If you want a .com it's about $10 a year, .co.uk is similar.
TSO gets a bit of hate (rightly so in many cases). But i have found their stuff fairly easy to use for .co.uk stuff (and their helpdesk are ok at answering things if you are not sure). I use godaddy.com for the .com domains.
Goto https://www.godaddy.com/ and https://www.tsohost.com/ to see if your domain is available.
You then own the domain NAME with that registrar. Which means you control the email address destination and the location of any website hosted. DO NOT TRANSFER THIS TO YOUR WEBDESIGNER if you ever emply someone to manage your website. .

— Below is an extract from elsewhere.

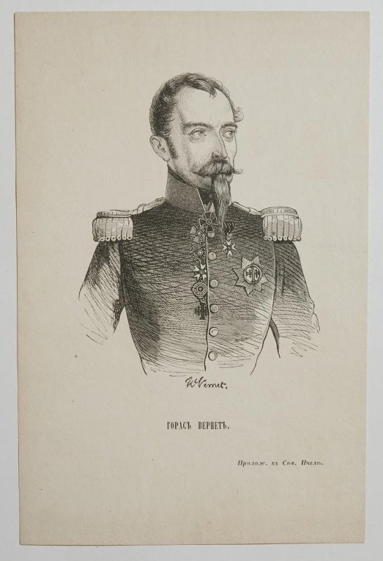 В Государственном Русском музее в Санкт-Петербурге хранится ксилография, представляющая собой мужской портрет с подписью «Горасъ Вернетъ». Точнее, подписи на портрете даже три – под самим изображением авторская – «H.Vernet», а в самом низу – «Прилож к Сев. Пчеле». Датирована ксилография в музее 1849 г. (хотя на самом портрете дата отсутствует), а личность портретируемого авторы музейной аннотации определили на гипотетической основе как французского императора Наполеона III. Со знаком вопроса в скобках Разумеется, просвещенным читателям не нужно объяснять, что Орас (Горас, Гораций) Верне (Вернет) – это известный французский художник, представитель целой династии художников с такой фамилией, а «Северная пчела» - это выходившая в Санкт-Петербурге газета, иллюстративным приложением к которой является рассматриваемый портрет. На Наполеона III персонаж портрета похож, чего уж там. И французским мундиром, и усами, и бородкой, и мешками под глазами. Вот только у императора французов при всем
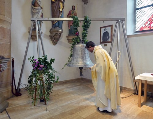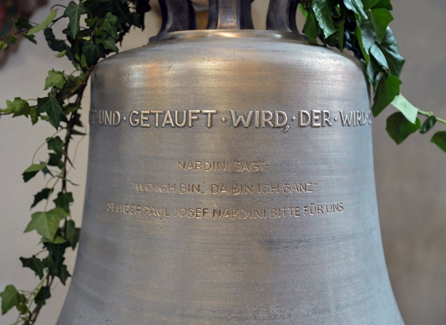 Am Ende des Segensritus mit Gebet, Weihwasser, Weihrauch und der Salbung mit Chrisamöl erklang die Glocke dann erstmals, angestoßen von Dekan Rubeck. Danach kamen auch Generalvikar Magin und Kaplan Bala Jujugiri zum Zug, sowie alle Messdienerinnen und Messdiener, während die Gottesdienstgemeinde ein Lied zu Ehren von Pfarrpatron Paul Josef Nardini sang. Denn ihm ist die neue Germersheimer Glocke gewidmet. Nardini kam 1821 in Germersheim zur Welt, seit 2016 trägt die katholische Pfarrei seinen Namen. Auf der Glocke hat Nardini ebenfalls eine Spur hinterlassen: Dort ist jetzt neu ein Zitat des 1862 in Pirmasens verstorbenen Priesters in den Stahl eingeprägt: „Wo ich bin, da bin ich ganz“.

Next if you want cheap email - you simply put a forwarding email address so hello@ABC213.com -> abc321@hotmail.com or whatever email address you currenly use, however replys will come from that hotmail address
If you want to reply to customers from your hello@ABC321.com you will need to pay for an email service. TSO have this or you can use Zoho who can handle your email (or microsoft exchange etc). Again you control the domain (this is why it is important not to transfer it over to a web desgn company) so you can point your emails to whatever email hosting (or webhosting) service you want to use.
Any questions just ask
TSO gets a bit of hate (rightly so in many cases). But i have found their stuff fairly easy to use for .co.uk stuff (and their helpdesk are ok at answering things if you are not sure). I use godaddy.com for the .com domains.
Goto https://www.godaddy.com/ and https://www.tsohost.com/ to see if your domain is available.
You then own the domain NAME with that registrar. Which means you control the email address destination and the location of any website hosted. DO NOT TRANSFER THIS TO YOUR WEBDESIGNER if you ever emply someone to manage your website. .
Next if you want cheap email - you simply put a forwarding email address so hello@ABC213.com -> abc321@hotmail.com or whatever email address you currenly use, however replys will come from that hotmail address
If you want to reply to customers from your hello@ABC321.com you will need to pay for an email service. TSO have this or you can use Zoho who can handle your email (or microsoft exchange etc). Again you control the domain (this is why it is important not to transfer it over to a web desgn company) so you can point your emails to whatever email hosting (or webhosting) service you want to use.
Any questions just ask
No problems with google domains myself. Cheap, easy, and reliable. Moved my domain name to them a couple of years ago from whoever I originally bought it from (godaddy I think)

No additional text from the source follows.